** Opening INFORMATION GIVEN block **

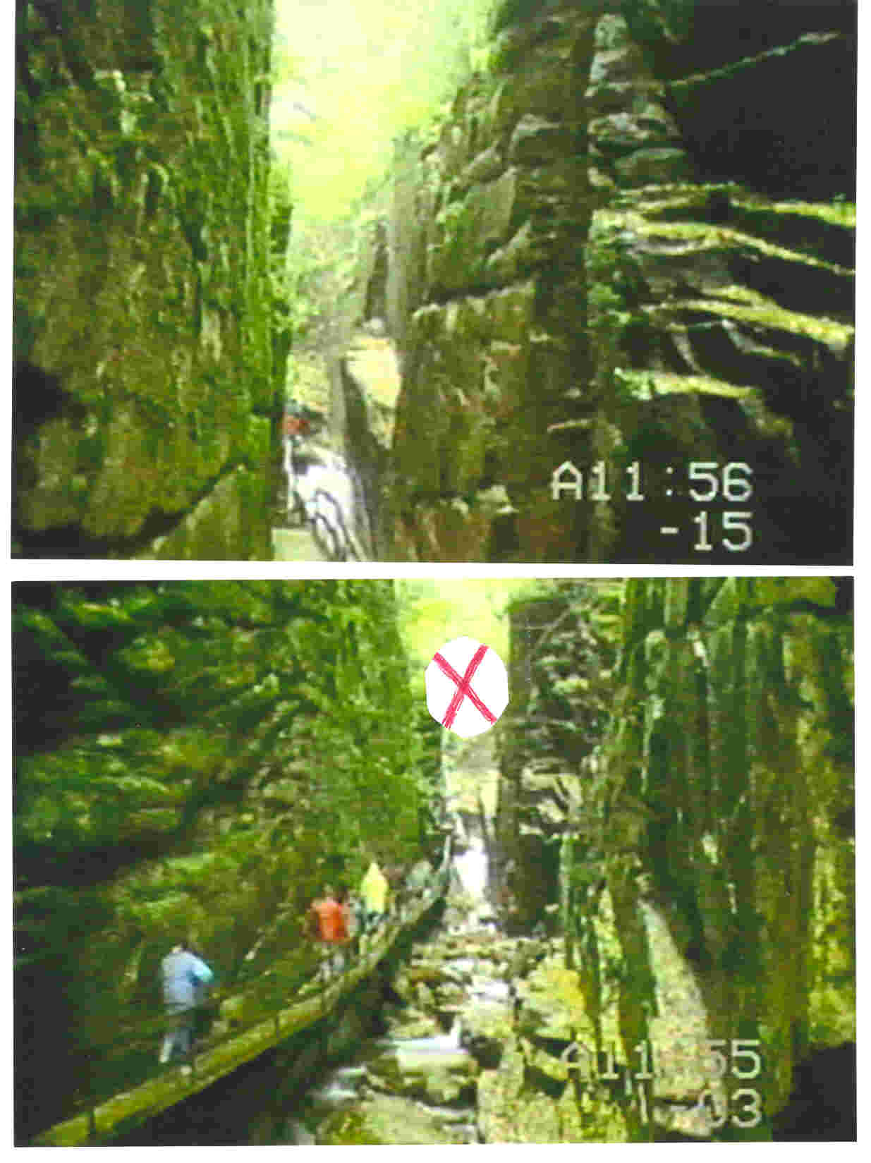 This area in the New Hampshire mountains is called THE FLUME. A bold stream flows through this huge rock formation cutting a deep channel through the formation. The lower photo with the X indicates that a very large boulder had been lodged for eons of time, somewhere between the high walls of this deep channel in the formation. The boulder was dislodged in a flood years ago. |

** Closing INFORMATION GIVEN block **
** Opening INFORMATION GIVEN block **

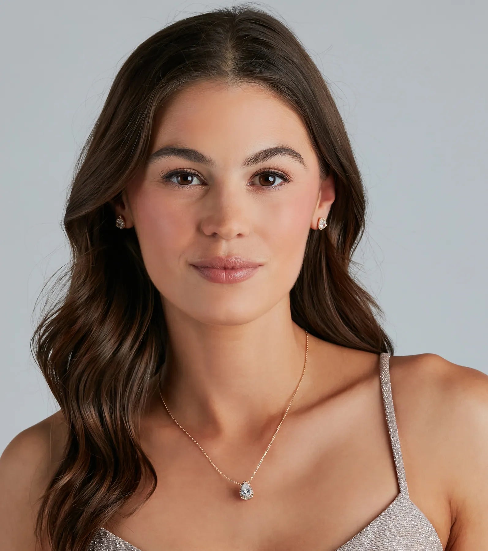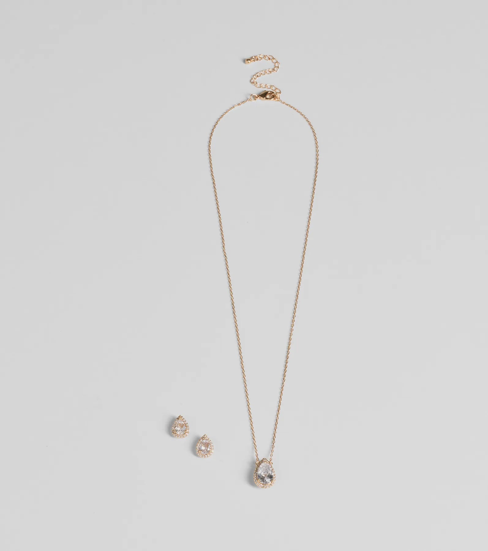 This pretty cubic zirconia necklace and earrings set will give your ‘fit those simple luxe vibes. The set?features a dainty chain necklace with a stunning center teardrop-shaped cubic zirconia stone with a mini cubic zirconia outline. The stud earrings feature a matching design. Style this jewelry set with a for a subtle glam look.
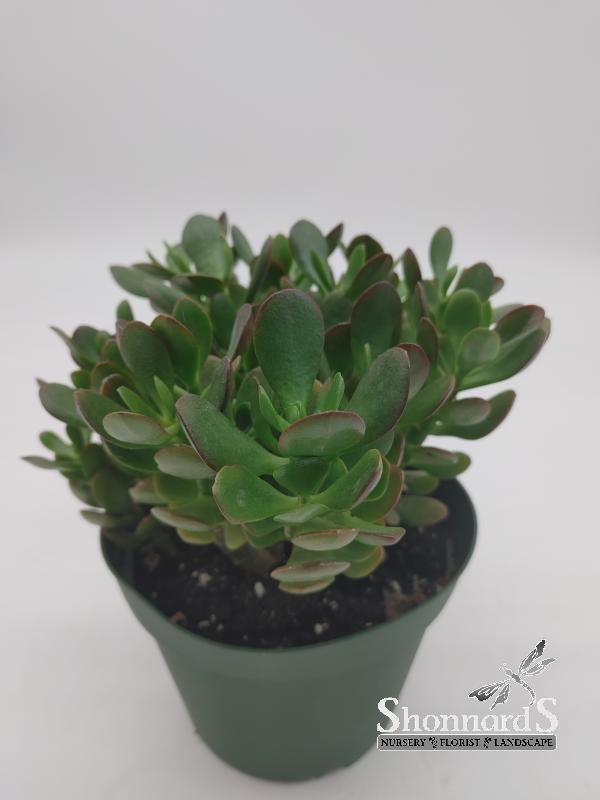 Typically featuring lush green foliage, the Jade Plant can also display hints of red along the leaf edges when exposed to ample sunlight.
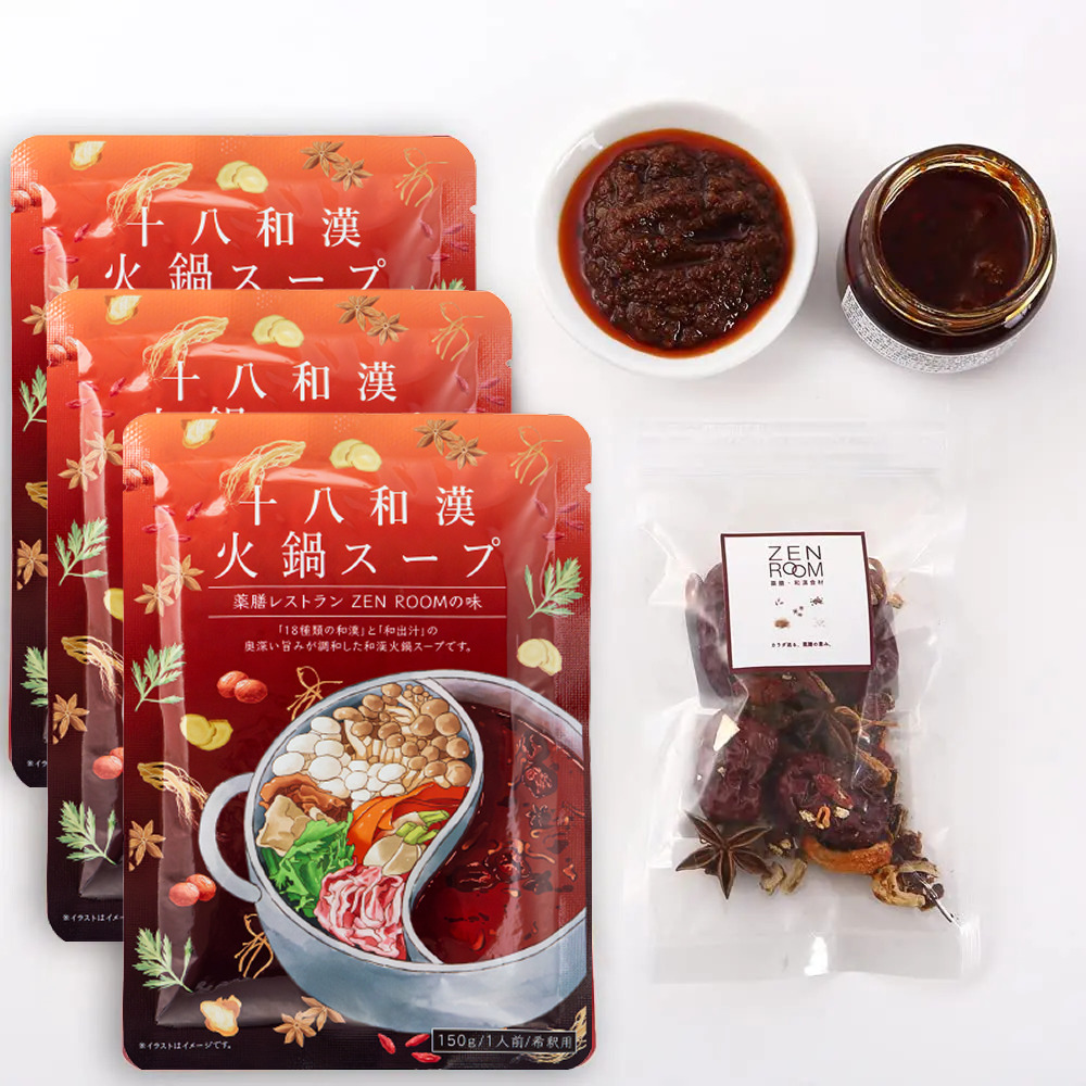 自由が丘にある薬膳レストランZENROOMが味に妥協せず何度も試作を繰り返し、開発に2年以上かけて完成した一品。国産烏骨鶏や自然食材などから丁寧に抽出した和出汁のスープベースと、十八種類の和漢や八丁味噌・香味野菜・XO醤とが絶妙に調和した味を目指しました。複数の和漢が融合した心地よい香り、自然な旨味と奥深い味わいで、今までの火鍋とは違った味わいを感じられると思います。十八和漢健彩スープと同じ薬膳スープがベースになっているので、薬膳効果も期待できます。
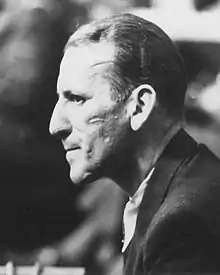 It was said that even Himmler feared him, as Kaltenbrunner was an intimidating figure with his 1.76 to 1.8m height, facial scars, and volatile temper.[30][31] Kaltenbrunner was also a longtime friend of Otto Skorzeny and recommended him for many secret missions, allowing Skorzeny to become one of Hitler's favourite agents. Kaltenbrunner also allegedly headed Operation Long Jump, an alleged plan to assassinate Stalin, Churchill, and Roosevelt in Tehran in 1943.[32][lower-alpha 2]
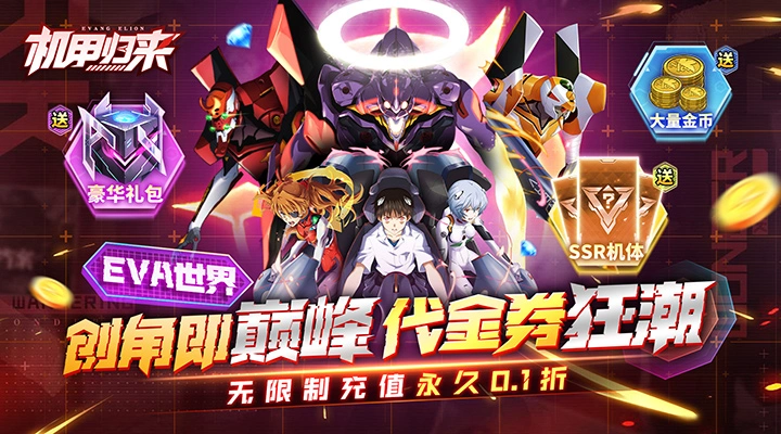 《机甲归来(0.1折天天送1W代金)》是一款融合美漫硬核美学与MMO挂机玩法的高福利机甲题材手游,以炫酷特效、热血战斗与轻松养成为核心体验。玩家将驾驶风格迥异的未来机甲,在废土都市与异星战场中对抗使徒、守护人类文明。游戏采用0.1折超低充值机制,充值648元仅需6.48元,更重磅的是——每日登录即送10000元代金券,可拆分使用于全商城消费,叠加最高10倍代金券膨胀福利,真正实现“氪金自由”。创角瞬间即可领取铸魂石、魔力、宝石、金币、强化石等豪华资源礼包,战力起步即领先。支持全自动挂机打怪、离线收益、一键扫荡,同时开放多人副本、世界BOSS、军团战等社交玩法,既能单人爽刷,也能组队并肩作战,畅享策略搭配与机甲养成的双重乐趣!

** Closing INFORMATION GIVEN block **
** Opening INFORMATION GIVEN block **

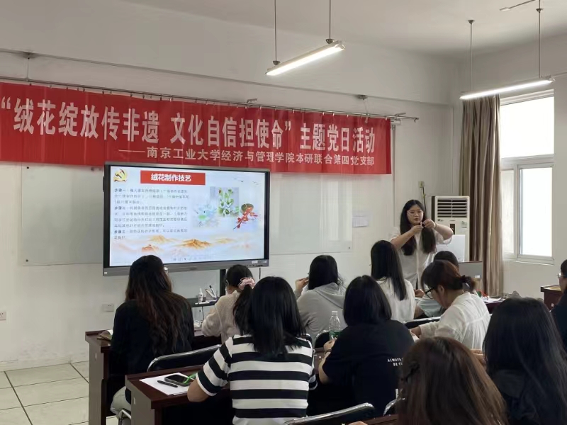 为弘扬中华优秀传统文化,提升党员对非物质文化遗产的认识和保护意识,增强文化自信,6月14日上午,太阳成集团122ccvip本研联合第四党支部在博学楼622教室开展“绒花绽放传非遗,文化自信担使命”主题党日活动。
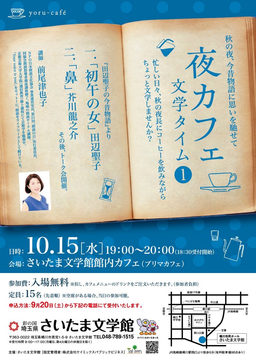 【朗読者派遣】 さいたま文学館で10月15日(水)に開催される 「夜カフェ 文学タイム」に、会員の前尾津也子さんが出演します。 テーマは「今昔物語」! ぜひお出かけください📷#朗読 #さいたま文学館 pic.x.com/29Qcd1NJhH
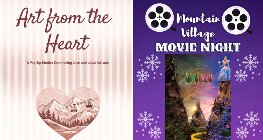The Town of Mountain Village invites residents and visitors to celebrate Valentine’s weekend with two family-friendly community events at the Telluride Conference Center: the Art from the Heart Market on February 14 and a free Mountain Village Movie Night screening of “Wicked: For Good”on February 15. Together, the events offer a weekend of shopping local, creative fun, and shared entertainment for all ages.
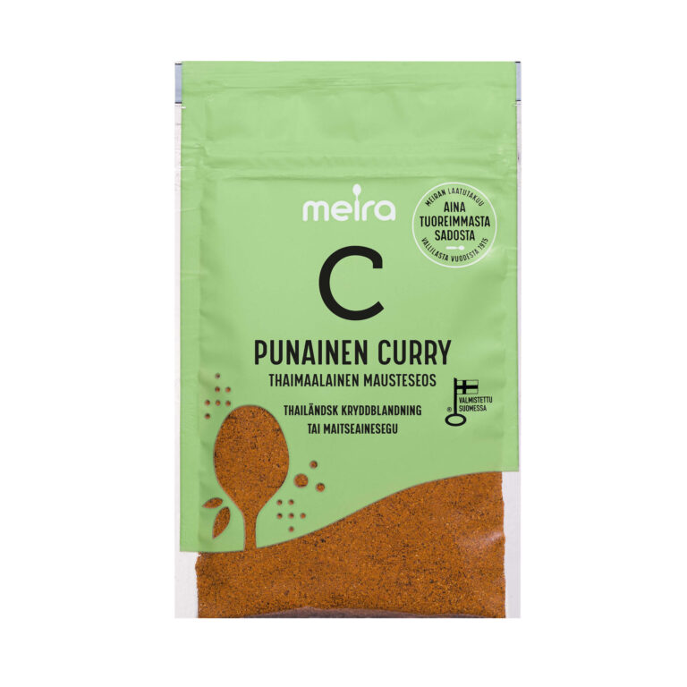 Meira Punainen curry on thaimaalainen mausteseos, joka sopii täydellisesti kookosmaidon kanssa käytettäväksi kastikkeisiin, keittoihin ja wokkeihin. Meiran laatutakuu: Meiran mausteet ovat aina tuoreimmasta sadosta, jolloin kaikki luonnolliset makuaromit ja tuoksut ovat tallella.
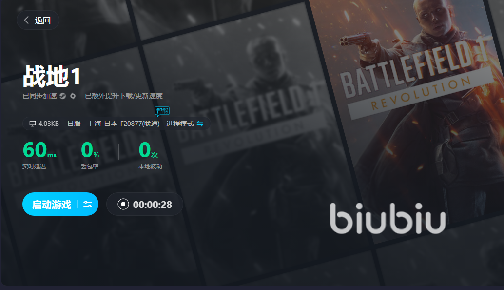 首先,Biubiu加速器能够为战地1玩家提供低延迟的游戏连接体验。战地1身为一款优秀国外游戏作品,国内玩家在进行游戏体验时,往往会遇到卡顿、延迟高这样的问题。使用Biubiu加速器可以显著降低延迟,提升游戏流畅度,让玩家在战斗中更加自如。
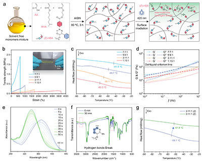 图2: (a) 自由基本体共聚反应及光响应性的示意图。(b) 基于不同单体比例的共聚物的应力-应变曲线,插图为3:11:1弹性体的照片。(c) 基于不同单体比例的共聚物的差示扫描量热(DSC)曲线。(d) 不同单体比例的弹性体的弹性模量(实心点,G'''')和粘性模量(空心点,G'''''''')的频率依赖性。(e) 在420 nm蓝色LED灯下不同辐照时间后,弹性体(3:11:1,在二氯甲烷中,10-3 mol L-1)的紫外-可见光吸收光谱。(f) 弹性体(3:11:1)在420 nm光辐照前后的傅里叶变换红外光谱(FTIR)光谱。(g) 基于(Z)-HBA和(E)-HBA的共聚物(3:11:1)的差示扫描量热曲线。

** Closing INFORMATION GIVEN block **

**WORK TO BE COMPLETED:** Please copy the lines above exactly, starting at the line that holds "Meira Punainen curry" and ending at the line that holds "图2: (a) 自由基本体共聚反应及光响应性的示意图。(b)"; include both, but no pictures.

**RESULT OF THIS TASK:**
 Meira Punainen curry on thaimaalainen mausteseos, joka sopii täydellisesti kookosmaidon kanssa käytettäväksi kastikkeisiin, keittoihin ja wokkeihin. Meiran laatutakuu: Meiran mausteet ovat aina tuoreimmasta sadosta, jolloin kaikki luonnolliset makuaromit ja tuoksut ovat tallella.
 首先,Biubiu加速器能够为战地1玩家提供低延迟的游戏连接体验。战地1身为一款优秀国外游戏作品,国内玩家在进行游戏体验时,往往会遇到卡顿、延迟高这样的问题。使用Biubiu加速器可以显著降低延迟,提升游戏流畅度,让玩家在战斗中更加自如。
 图2: (a) 自由基本体共聚反应及光响应性的示意图。(b) 基于不同单体比例的共聚物的应力-应变曲线,插图为3:11:1弹性体的照片。(c) 基于不同单体比例的共聚物的差示扫描量热(DSC)曲线。(d) 不同单体比例的弹性体的弹性模量(实心点,G'''')和粘性模量(空心点,G'''''''')的频率依赖性。(e) 在420 nm蓝色LED灯下不同辐照时间后,弹性体(3:11:1,在二氯甲烷中,10-3 mol L-1)的紫外-可见光吸收光谱。(f) 弹性体(3:11:1)在420 nm光辐照前后的傅里叶变换红外光谱(FTIR)光谱。(g) 基于(Z)-HBA和(E)-HBA的共聚物(3:11:1)的差示扫描量热曲线。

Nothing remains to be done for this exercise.